(Data excerpts)
┄┄┄┄┄┄┄┄┄┄┄┄┄┄┄┄┄┄┄┄
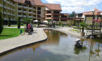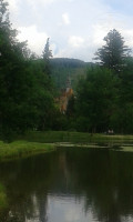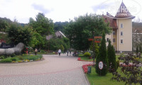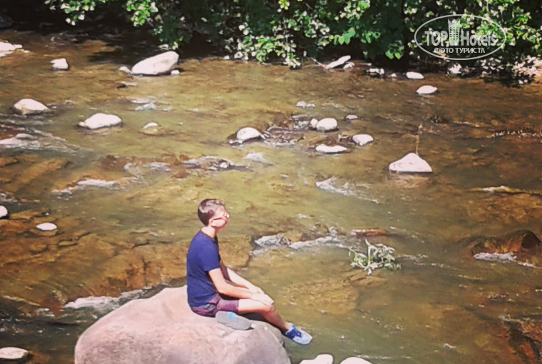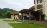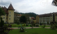 Красивая ухоженная территория ,есть пруд с рыбками и небольшой зоопарк, прекрасные виды на горную речку и зеленые склоны гор с небольшой(метров800) лыжной трассой с двумя подъемниками, так что можно и зимой полноценно отдыхать в этом санатории. На территории санатория также находятся -лечебные корпуса, бювет, три кафе, магазин, кинозал, хороший и красивый бассейн, сауна, спорт.площадка с тренажерами, бильярд.
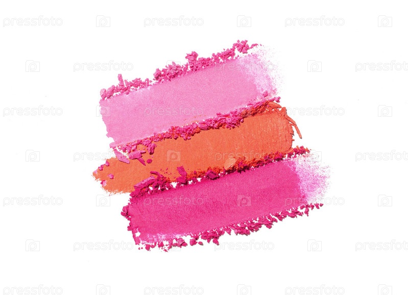 Косметические розовые, оранжевые, смазанные тени для век на белом фоне
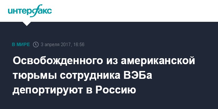 Освобожденного из американской тюрьмы сотрудника ВЭБа депортируют в Россию
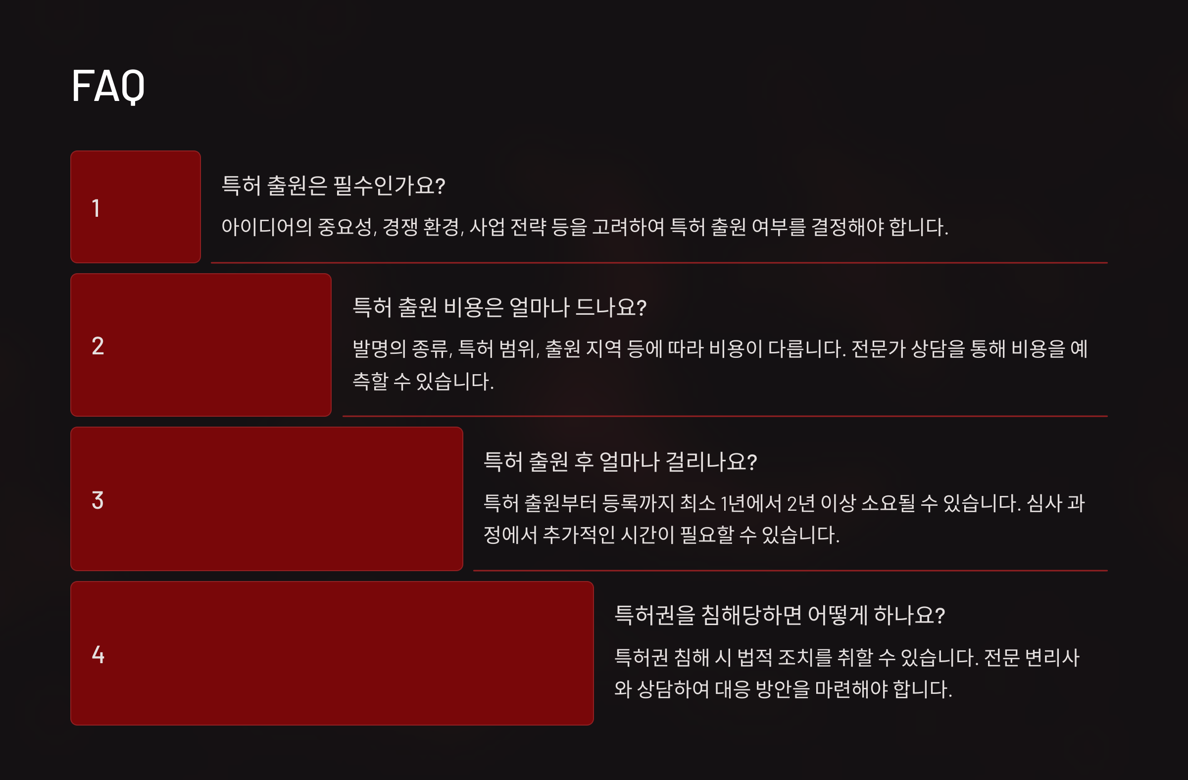 A6. 아이디어만으로는 특허를 받을 수 없으며, 구체적인 구현 방법과 기술적 효과가 명세서에 포함되어야 합니다.
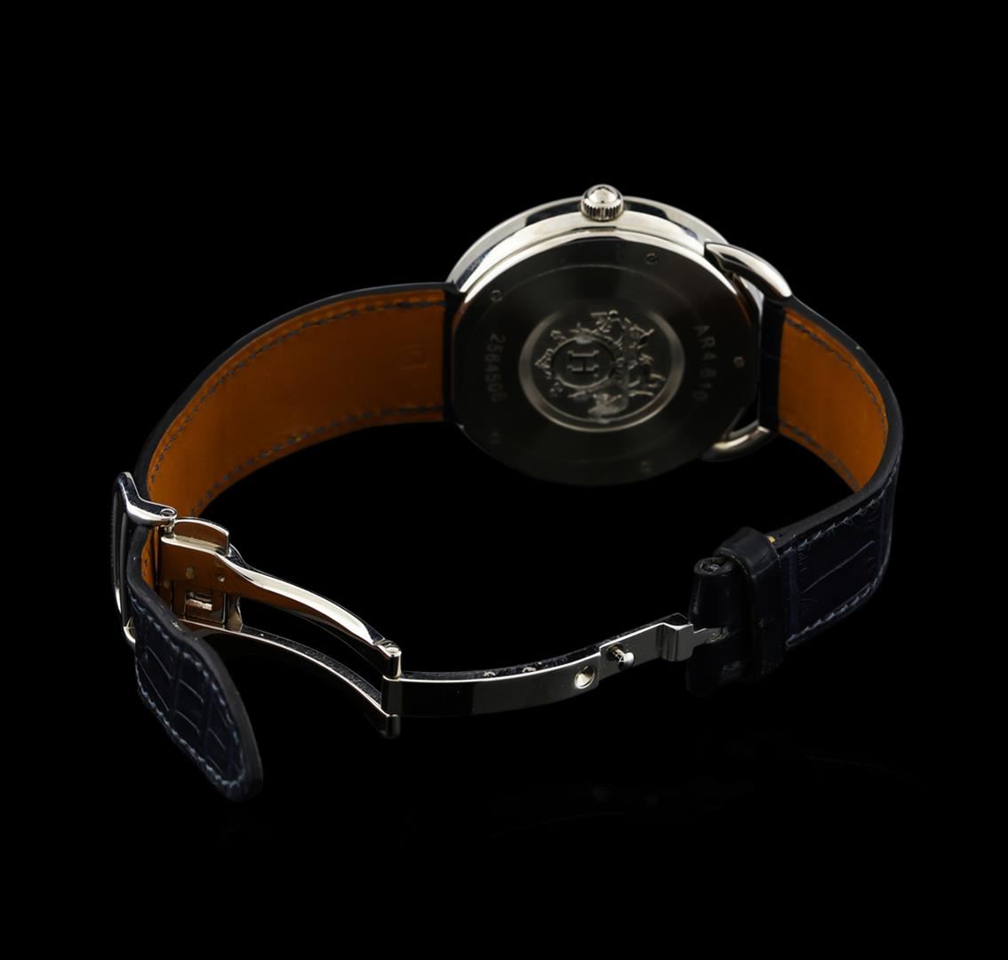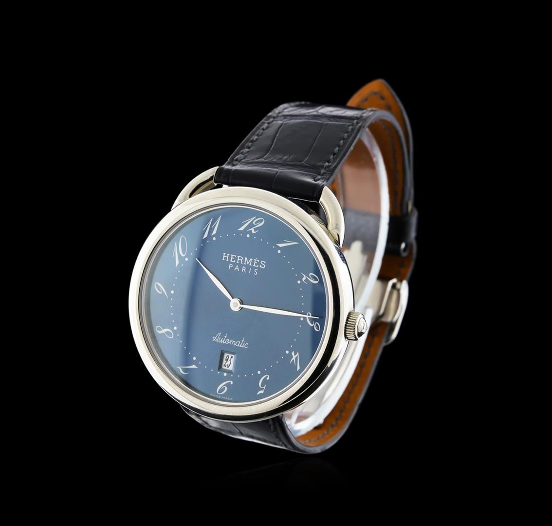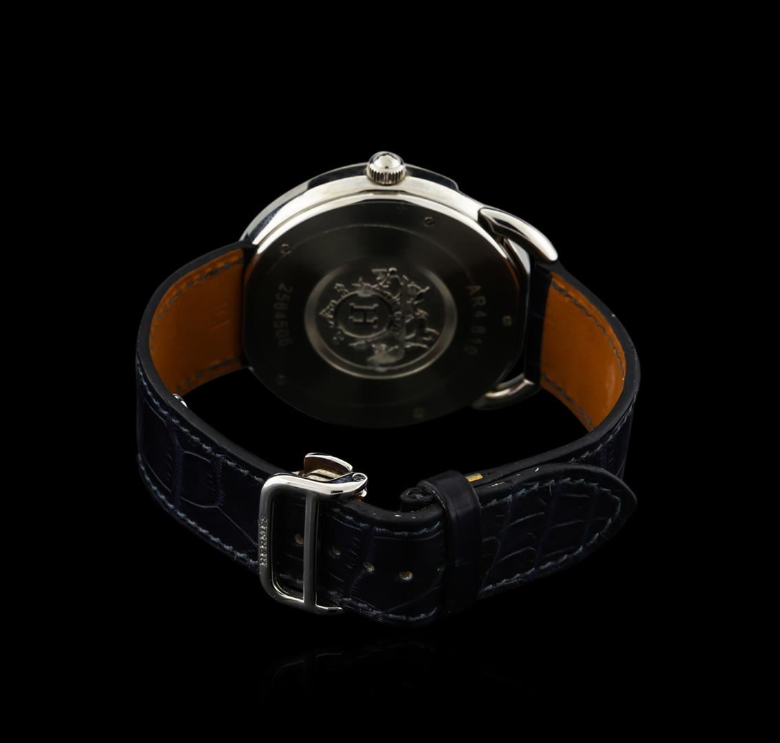 One, Hermes Stainless Steel Arceau TGM wristwatch electronically tested, Case: 41mm, Case Back: high relief Hermes logo, and engraved ID numbers, Crown: twin lock with Hermes logo, Bezel: fixed, high polish, Crystal: synthetic sapphire lens, Movement: Automatic. Hermes signed Dial: Blue color, with pointed hands, and numerals, Date Window: 6 o'clock position, Hermes Bracelet: saddle stitched leather strap, Hermes concealed clasp. Condition: G-5 Fine. Seven and one quarter inch length, adjustable. Total Weight of Watch 78.26gm. AIG Appraised at $3,050.00.
┄┄┄┄┄┄┄┄┄┄┄┄┄┄┄┄┄┄┄┄
(Task to complete) When you reproduce the entries above, keep every word exactly and leave out each picture.

(Written response)
 Красивая ухоженная территория ,есть пруд с рыбками и небольшой зоопарк, прекрасные виды на горную речку и зеленые склоны гор с небольшой(метров800) лыжной трассой с двумя подъемниками, так что можно и зимой полноценно отдыхать в этом санатории. На территории санатория также находятся -лечебные корпуса, бювет, три кафе, магазин, кинозал, хороший и красивый бассейн, сауна, спорт.площадка с тренажерами, бильярд.
 Косметические розовые, оранжевые, смазанные тени для век на белом фоне
 Освобожденного из американской тюрьмы сотрудника ВЭБа депортируют в Россию
 A6. 아이디어만으로는 특허를 받을 수 없으며, 구체적인 구현 방법과 기술적 효과가 명세서에 포함되어야 합니다.
 One, Hermes Stainless Steel Arceau TGM wristwatch electronically tested, Case: 41mm, Case Back: high relief Hermes logo, and engraved ID numbers, Crown: twin lock with Hermes logo, Bezel: fixed, high polish, Crystal: synthetic sapphire lens, Movement: Automatic. Hermes signed Dial: Blue color, with pointed hands, and numerals, Date Window: 6 o'clock position, Hermes Bracelet: saddle stitched leather strap, Hermes concealed clasp. Condition: G-5 Fine. Seven and one quarter inch length, adjustable. Total Weight of Watch 78.26gm. AIG Appraised at $3,050.00.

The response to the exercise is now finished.